DATA SECTION Start Marker
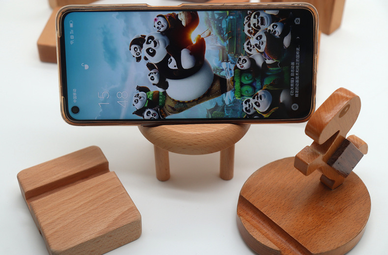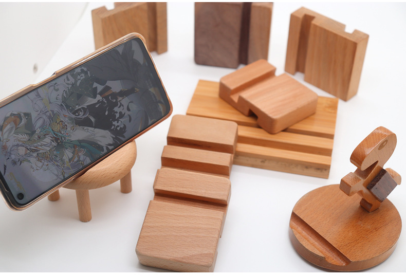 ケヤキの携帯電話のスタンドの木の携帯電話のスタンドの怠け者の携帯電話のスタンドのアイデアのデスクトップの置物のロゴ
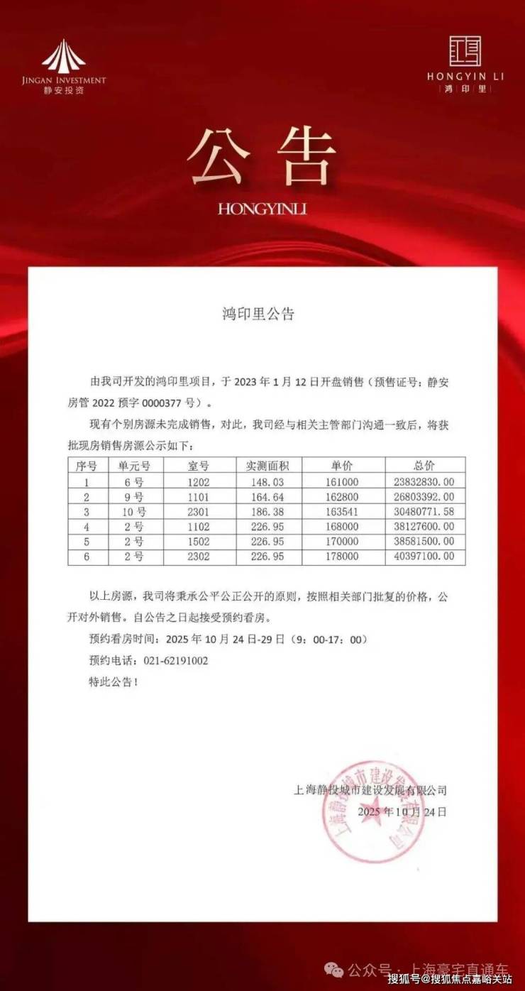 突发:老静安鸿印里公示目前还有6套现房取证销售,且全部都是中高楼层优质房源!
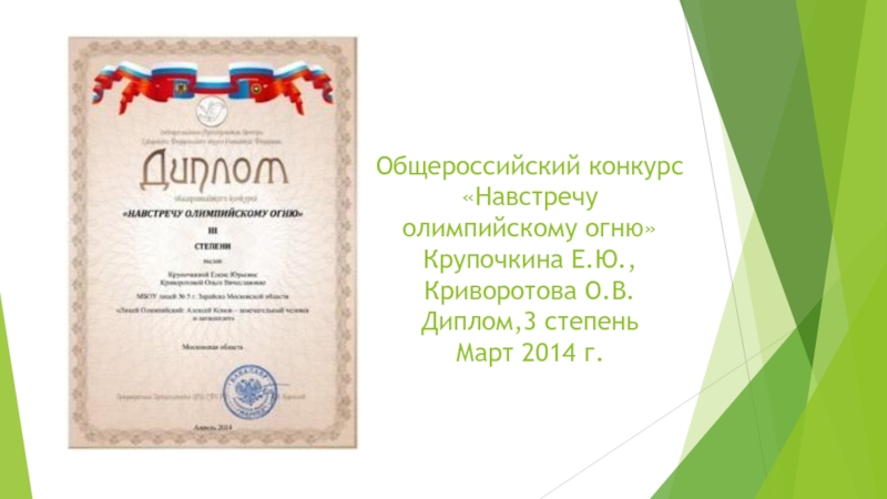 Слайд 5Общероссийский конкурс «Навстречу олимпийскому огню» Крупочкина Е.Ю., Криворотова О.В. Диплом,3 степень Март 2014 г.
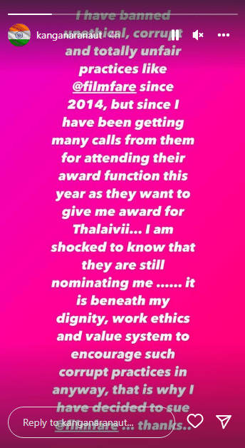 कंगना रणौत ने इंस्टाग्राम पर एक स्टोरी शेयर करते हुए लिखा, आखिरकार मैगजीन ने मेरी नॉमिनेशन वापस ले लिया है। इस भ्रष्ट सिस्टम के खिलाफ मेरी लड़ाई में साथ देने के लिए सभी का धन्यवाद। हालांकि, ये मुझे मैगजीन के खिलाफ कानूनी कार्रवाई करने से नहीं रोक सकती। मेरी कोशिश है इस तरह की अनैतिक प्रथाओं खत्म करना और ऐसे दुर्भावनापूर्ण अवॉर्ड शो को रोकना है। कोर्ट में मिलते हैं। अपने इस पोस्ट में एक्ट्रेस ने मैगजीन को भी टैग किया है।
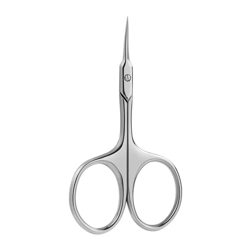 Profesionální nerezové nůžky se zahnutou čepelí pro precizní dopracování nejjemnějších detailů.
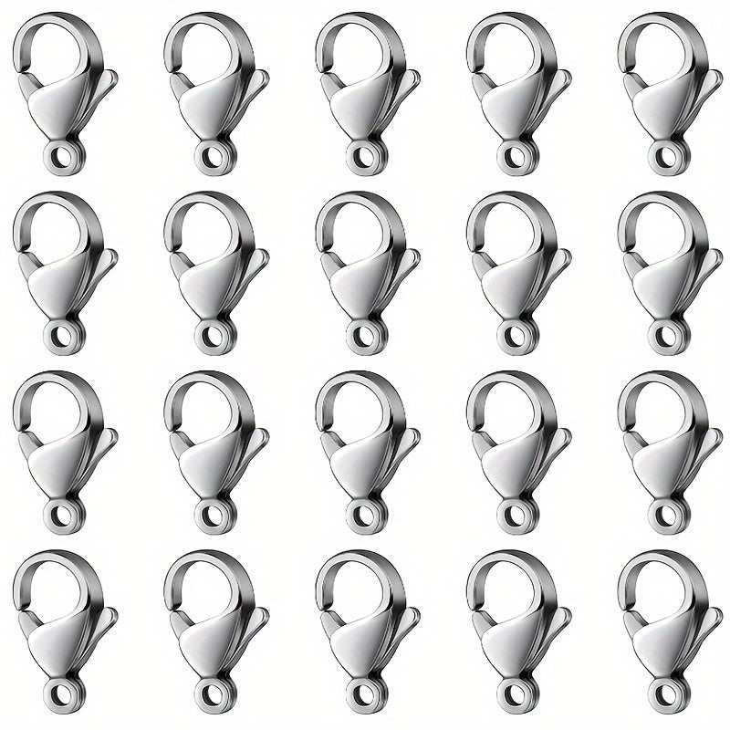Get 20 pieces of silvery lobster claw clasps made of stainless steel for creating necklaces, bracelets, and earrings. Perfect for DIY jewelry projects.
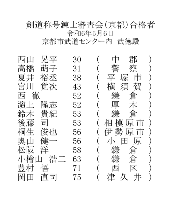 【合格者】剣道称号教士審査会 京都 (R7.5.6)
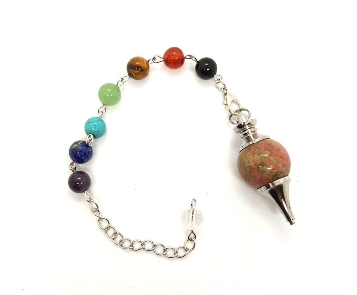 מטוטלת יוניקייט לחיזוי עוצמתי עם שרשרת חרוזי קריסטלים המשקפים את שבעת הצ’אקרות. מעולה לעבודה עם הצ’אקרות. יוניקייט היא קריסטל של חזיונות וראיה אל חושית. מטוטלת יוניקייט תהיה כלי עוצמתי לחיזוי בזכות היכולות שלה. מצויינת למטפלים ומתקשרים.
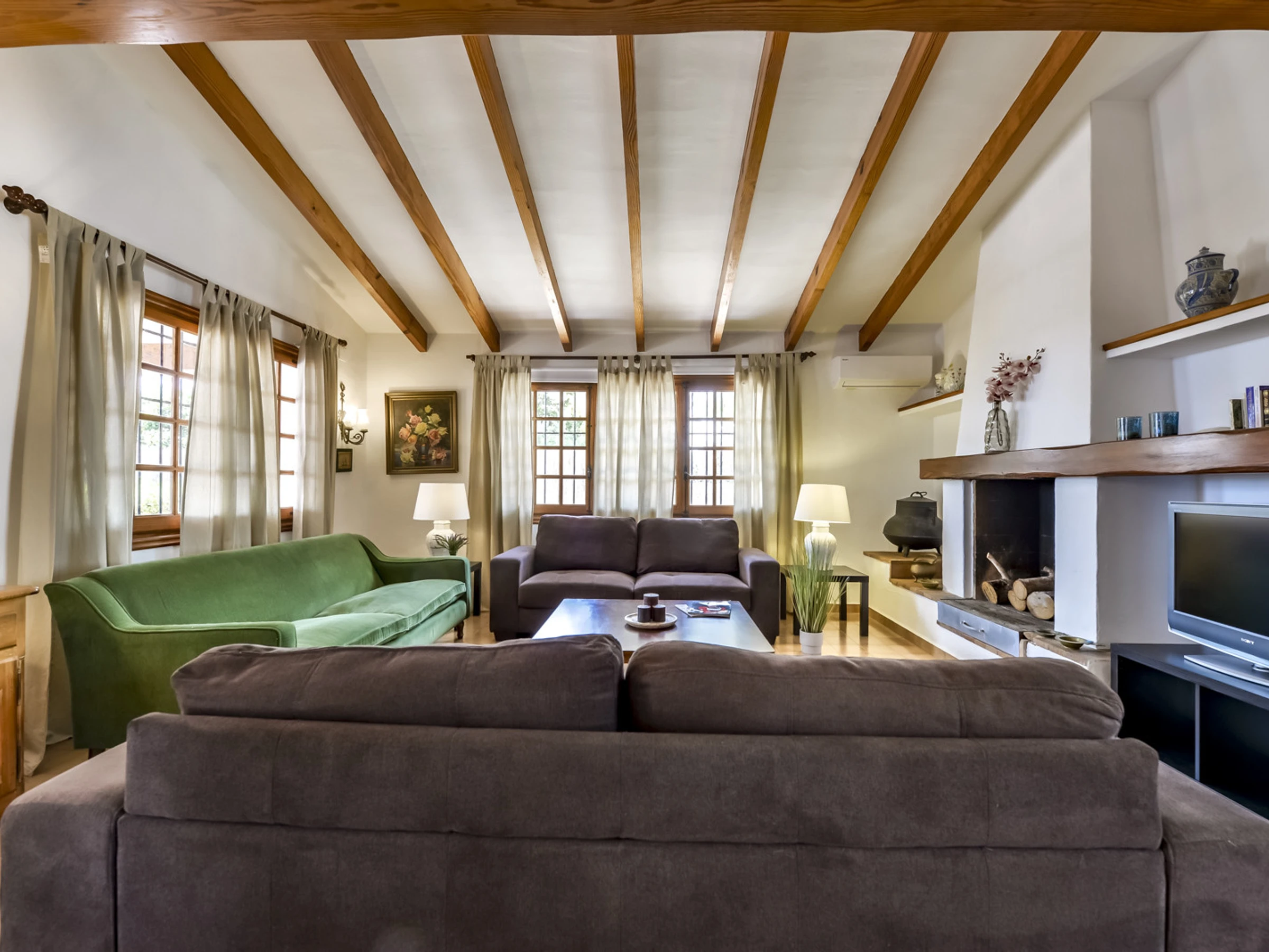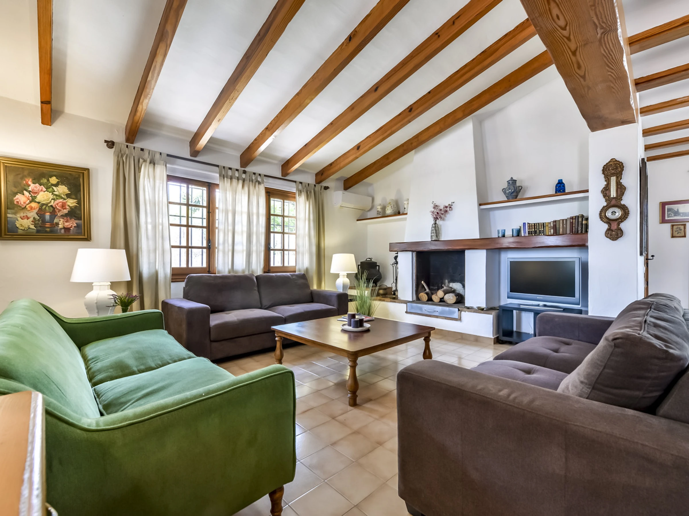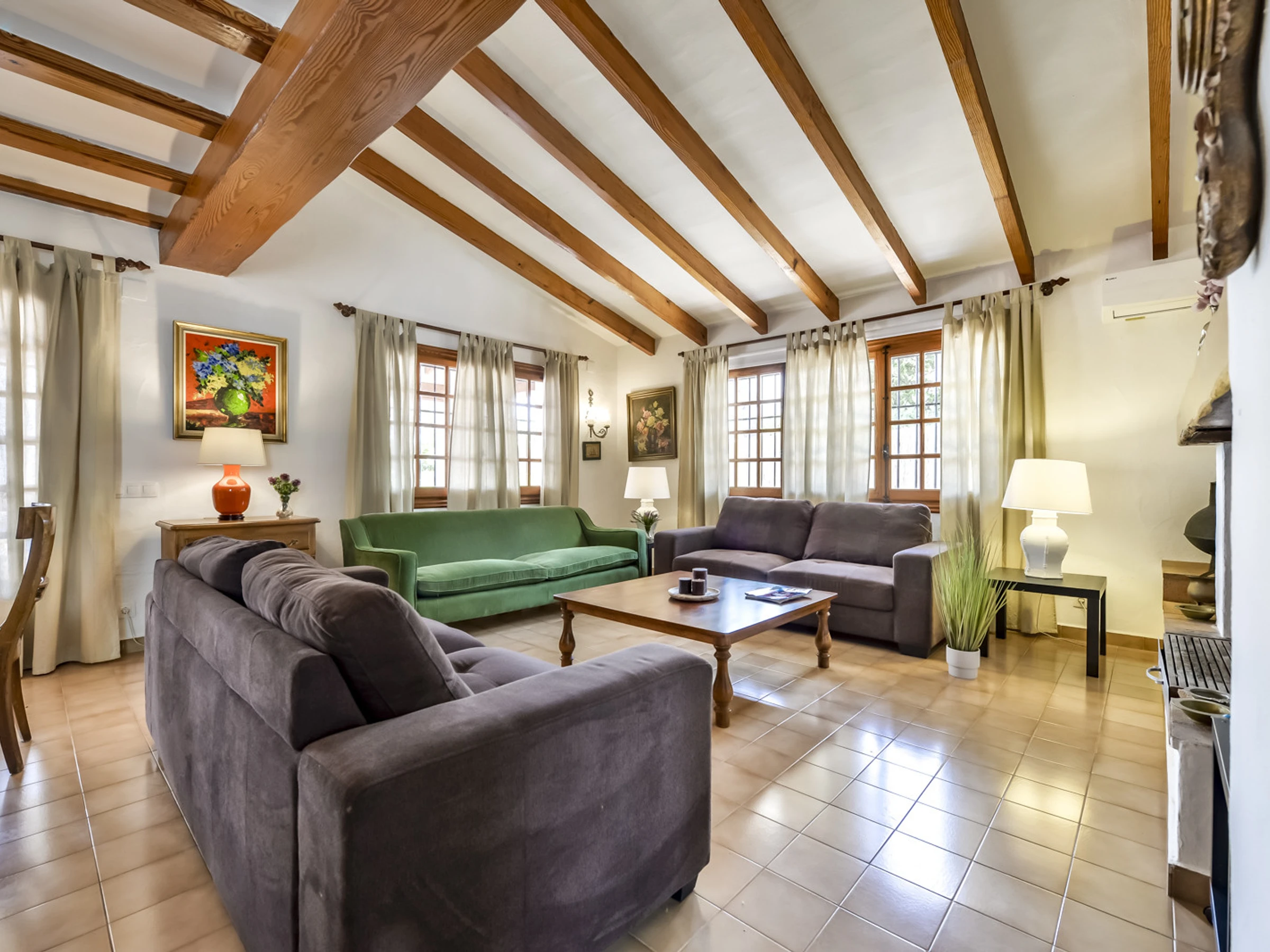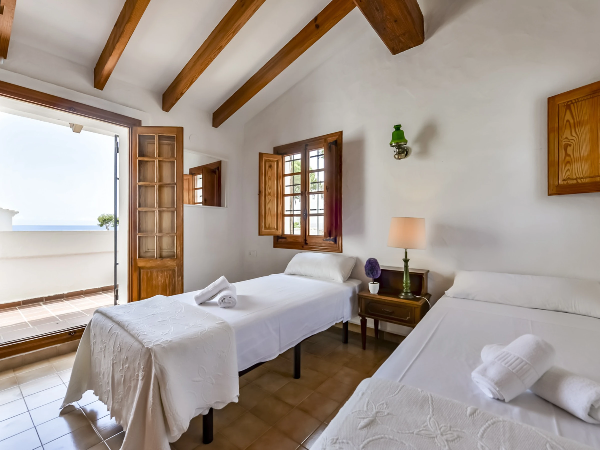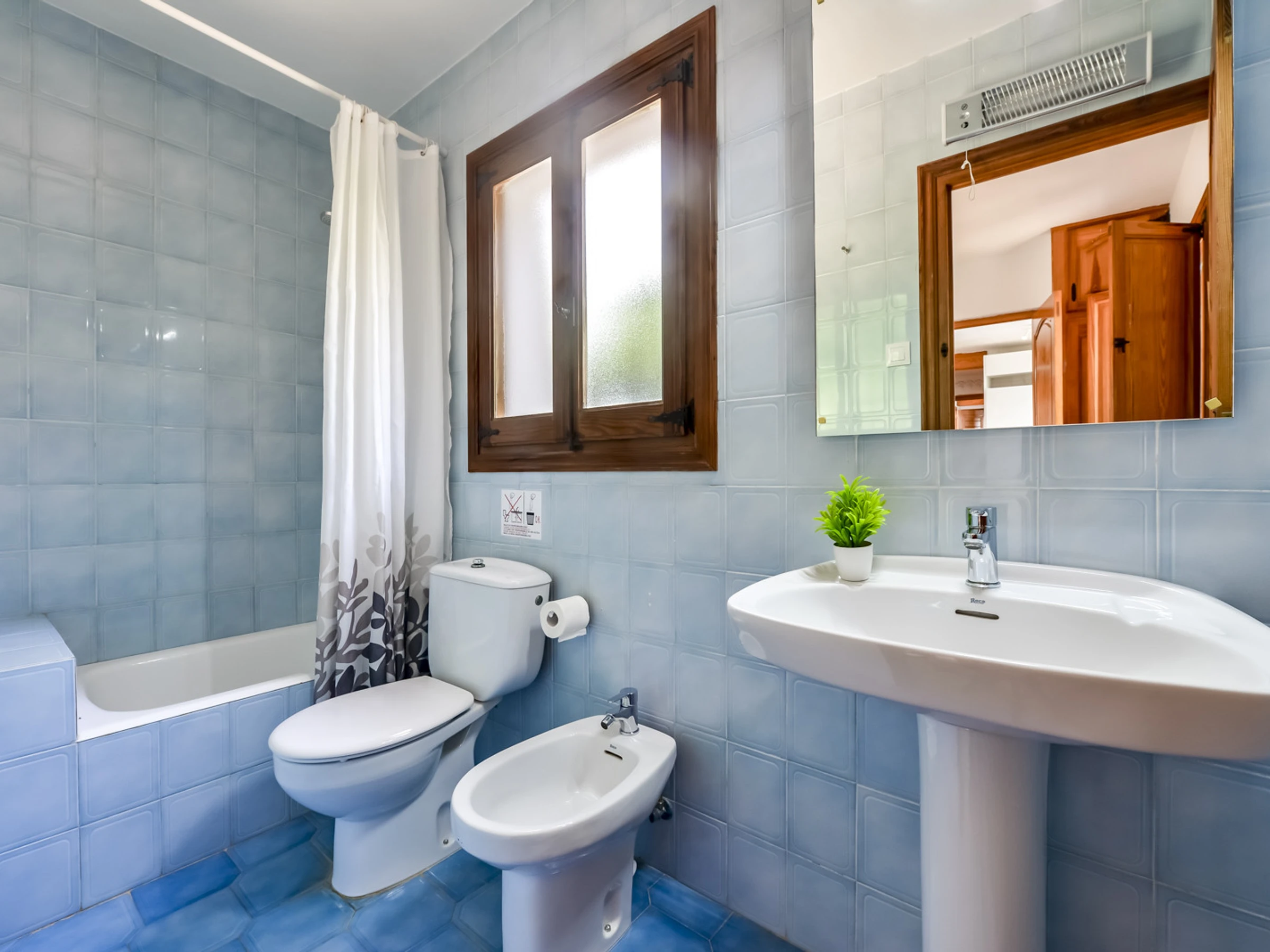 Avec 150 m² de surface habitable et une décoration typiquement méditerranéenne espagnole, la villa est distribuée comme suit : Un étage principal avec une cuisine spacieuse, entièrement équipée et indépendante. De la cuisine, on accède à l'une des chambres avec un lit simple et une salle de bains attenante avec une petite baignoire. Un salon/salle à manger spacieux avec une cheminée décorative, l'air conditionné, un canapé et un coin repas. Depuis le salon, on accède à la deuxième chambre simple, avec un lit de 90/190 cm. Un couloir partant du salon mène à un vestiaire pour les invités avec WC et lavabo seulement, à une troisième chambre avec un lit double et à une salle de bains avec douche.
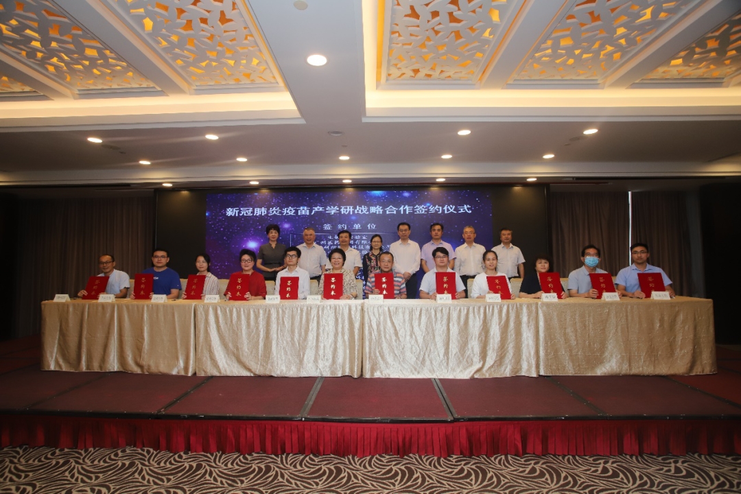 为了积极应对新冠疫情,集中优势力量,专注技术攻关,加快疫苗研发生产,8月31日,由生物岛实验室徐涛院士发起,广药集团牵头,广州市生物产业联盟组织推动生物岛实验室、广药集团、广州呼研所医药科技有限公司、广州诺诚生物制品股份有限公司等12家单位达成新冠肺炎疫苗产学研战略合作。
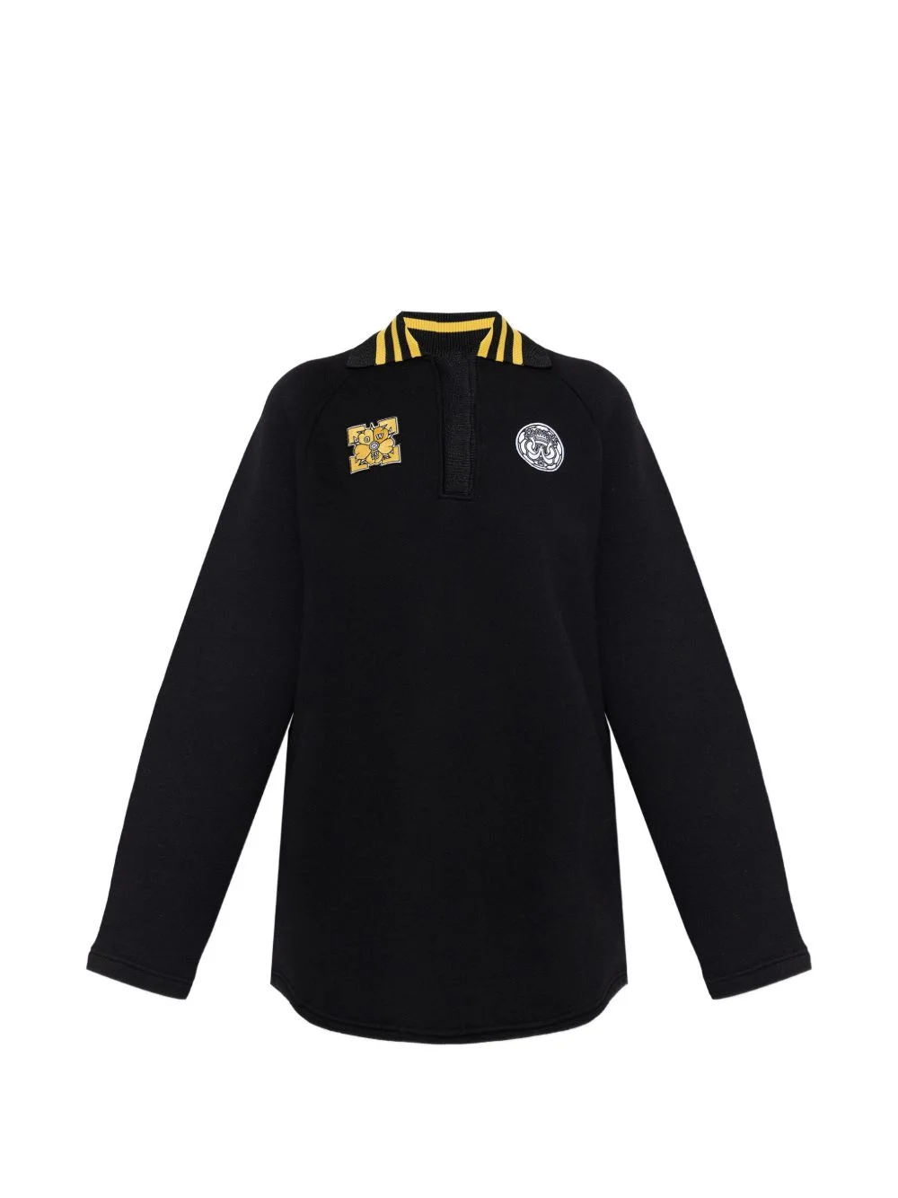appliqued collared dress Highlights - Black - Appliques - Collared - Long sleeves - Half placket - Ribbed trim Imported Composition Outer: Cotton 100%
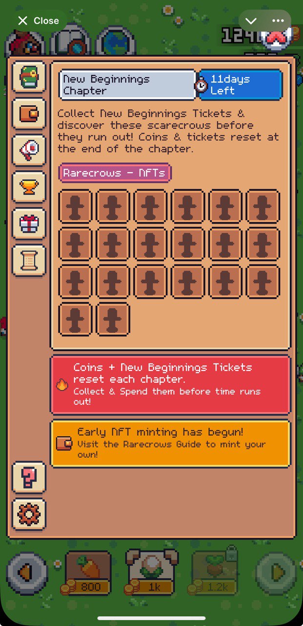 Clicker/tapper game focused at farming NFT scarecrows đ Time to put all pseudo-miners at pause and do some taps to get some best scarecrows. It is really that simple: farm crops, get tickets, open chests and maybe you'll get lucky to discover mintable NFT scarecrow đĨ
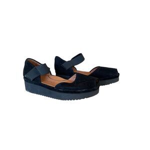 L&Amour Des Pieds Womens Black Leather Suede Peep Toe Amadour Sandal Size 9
DATA SECTION End Marker
Can the lines from the one with "Clicker/tapper game focused" to the end of the records above be quoted exactly, both ends included, with every picture omitted?

 Clicker/tapper game focused at farming NFT scarecrows đ Time to put all pseudo-miners at pause and do some taps to get some best scarecrows. It is really that simple: farm crops, get tickets, open chests and maybe you'll get lucky to discover mintable NFT scarecrow đĨ
 L&Amour Des Pieds Womens Black Leather Suede Peep Toe Amadour Sandal Size 9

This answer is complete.